View this table: [in this window] [in a new window]   Table 4. Odds Ratios for Further Functional End Points at Days 90 and 30 after Treatment in the Intention-to-Treat and Per-Protocol Populations.

 
Safety

A total of 66 patients died — 32 of the 418 patients in the alteplase group (7.7%) and 34 of the 403 in the placebo group (8.4%). Of these 66 patients, 25 died between days 1 and 7 (12 [2.9%] in the alteplase group and 13 [3.2%] in the placebo group), 18 between days 8 and 30 (10 [2.4%] and 8 [2.0%], respectively), and 16 between days 31 and 90 (6 [1.4%] and 10 [2.5%], respectively). Seven patients died after day 90 (four [1.0%] and three [0.7%], respectively).

There were more cases of intracranial hemorrhage in the alteplase group than in the placebo group (27.0% vs. 17.6%, P=0.001).
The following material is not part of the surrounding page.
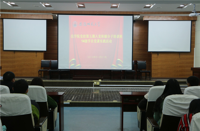 11月13日晚,14级入党积极分子在模拟法庭开展党课实践活动——集体观看《建党伟业》,通过影响传递青年声音,回顾历史吹响追忆号角。

The incidence of symptomatic intracranial hemorrhage with alteplase was less than 3 cases per 100 patients (10 of 418 patients [2.4%]), but that incidence was significantly higher than the incidence with placebo (1 of 403 [0.3%]; odds ratio, 9.85; 95% CI, 1.26 to 77.32; P=0.008). The incidence of symptomatic intracranial hemorrhage according to definitions used in other studies followed a similar pattern (Table 5 and Fig. S2 in the Supplementary Appendix). All symptomatic intracranial hemorrhages occurred within the first 22 to 36 hours after initiation of treatment.

View this table: [in this window] [in a new window]   Table 5. Prespecified Safety End Points and Other Serious Adverse Events.

 
The rate of symptomatic edema did not differ significantly between the study groups: 6.9% in the alteplase group and 7.2% in the placebo group (29 patients in each group; odds ratio, 0.96; 95% CI, 0.56 to 1.64; P=0.88) (Table 5 and Fig. S2 in the Supplementary Appendix). Other serious adverse events categorized according to organ system did not differ significantly between the two groups (Table 5 and Fig. S2 in the Supplementary Appendix).

Discussion

In this randomized, placebo-controlled study, patients with acute ischemic stroke benefited from treatment with intravenous alteplase administered 3 to 4.5 hours after the onset of stroke symptoms. ECASS III is the second randomized trial (after the NINDS trial of 1995¹) to show a significant treatment effect with intravenous alteplase in the unadjusted analysis of the primary end point. The treatment effect remained significant after adjustment for all prognostic baseline characteristics. The overall rate of symptomatic intracranial hemorrhage was increased with alteplase as compared with placebo, but mortality was not affected. Both of these findings are consistent with results from other randomized, controlled trials of thrombolysis in patients with acute ischemic stroke.^1,5,23 The results of the analysis of secondary end points and of the post hoc stratified analysis mirrored the primary efficacy results in favor of alteplase.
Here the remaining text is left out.